◆ Exercise prompt: Once you find the line with "Nuno Floral Felt" in the listing below, please repeat it and every later line exactly, through the last one, without pictures.

◆ Dataset extract:
------------------------

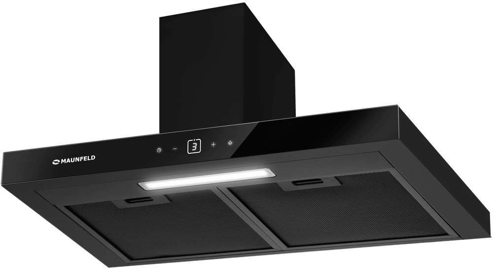 Обратите внимание на цветовые сочетания модели Maunfeld Breeze 90 черный, чтобы органично вписать ее в свою квартиру. Оттенок корпуса: черный. Благодаря лампочкам, которые расположены на нем, можно освещать плиту и столешницу рядом, чтобы готовить было еще проще и приятнее.
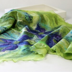 Nuno Floral Felt Shawl, Bright Shawl, Gift for Her, Bright Light Green Silk and Wool Shawl - Etsy nuno felt shawl
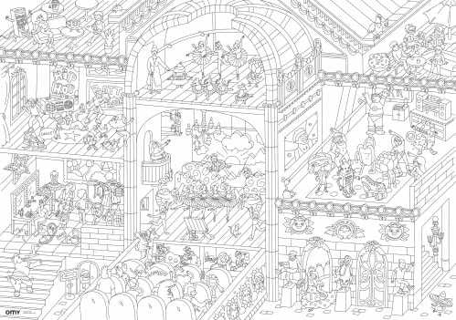 Un póster creativo para colorear solo o en compañía, desplegar en el suelo, la mesa o la pared.
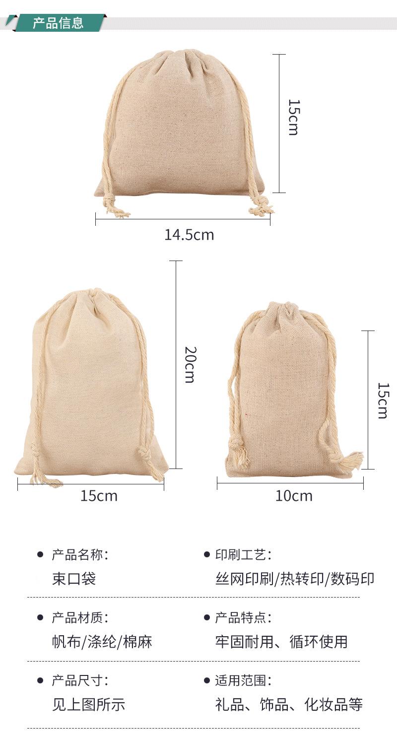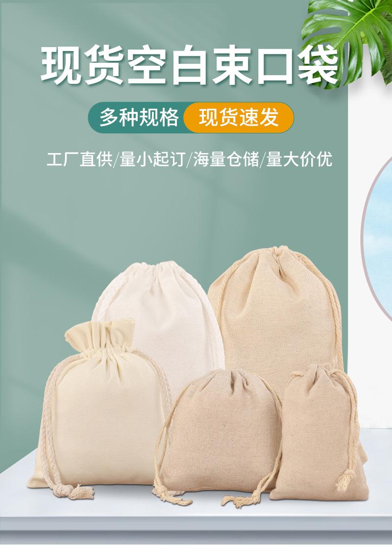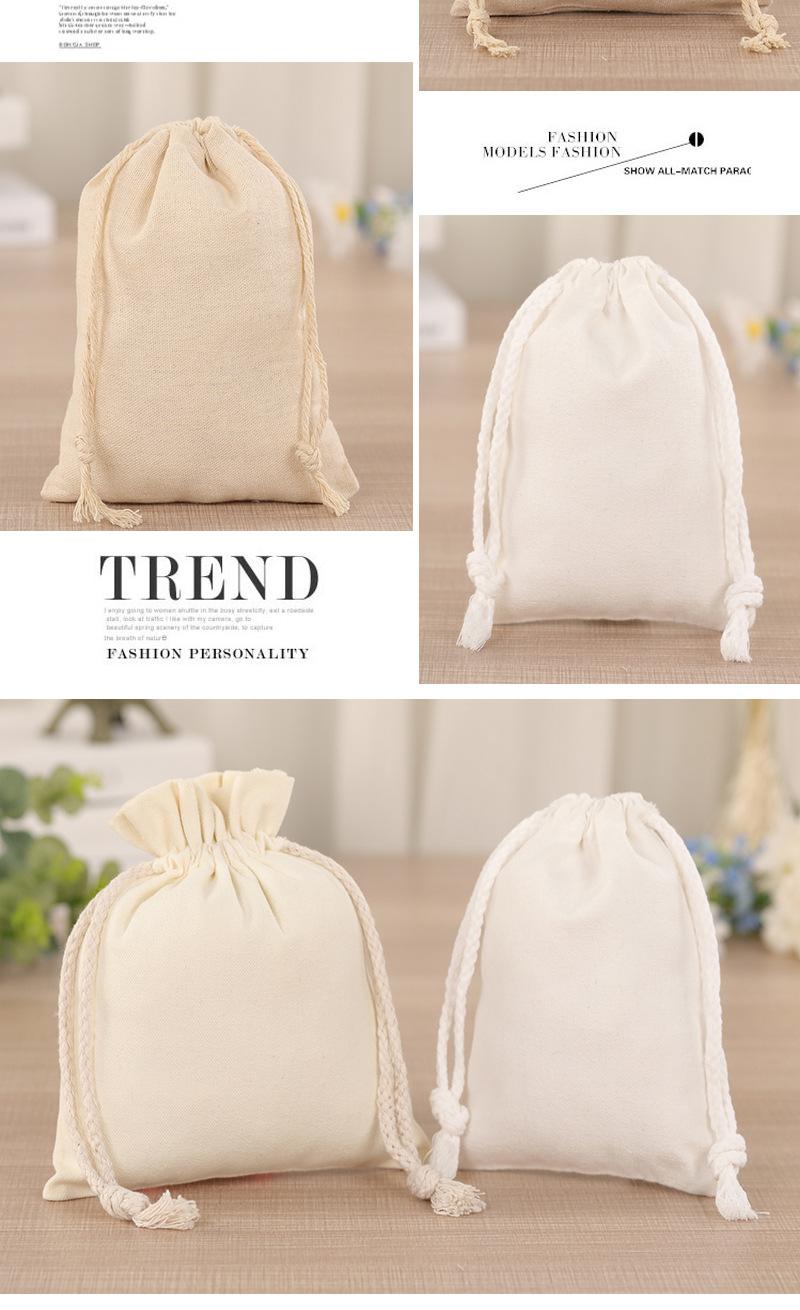 Bolsa de arroz en blanco con cordón, de lona, de algodón y lino, para guardar, portátil, para regalo, con logotipo imprimible

------------------------

◆ Task response:
 Nuno Floral Felt Shawl, Bright Shawl, Gift for Her, Bright Light Green Silk and Wool Shawl - Etsy nuno felt shawl
 Un póster creativo para colorear solo o en compañía, desplegar en el suelo, la mesa o la pared.
 Bolsa de arroz en blanco con cordón, de lona, de algodón y lino, para guardar, portátil, para regalo, con logotipo imprimible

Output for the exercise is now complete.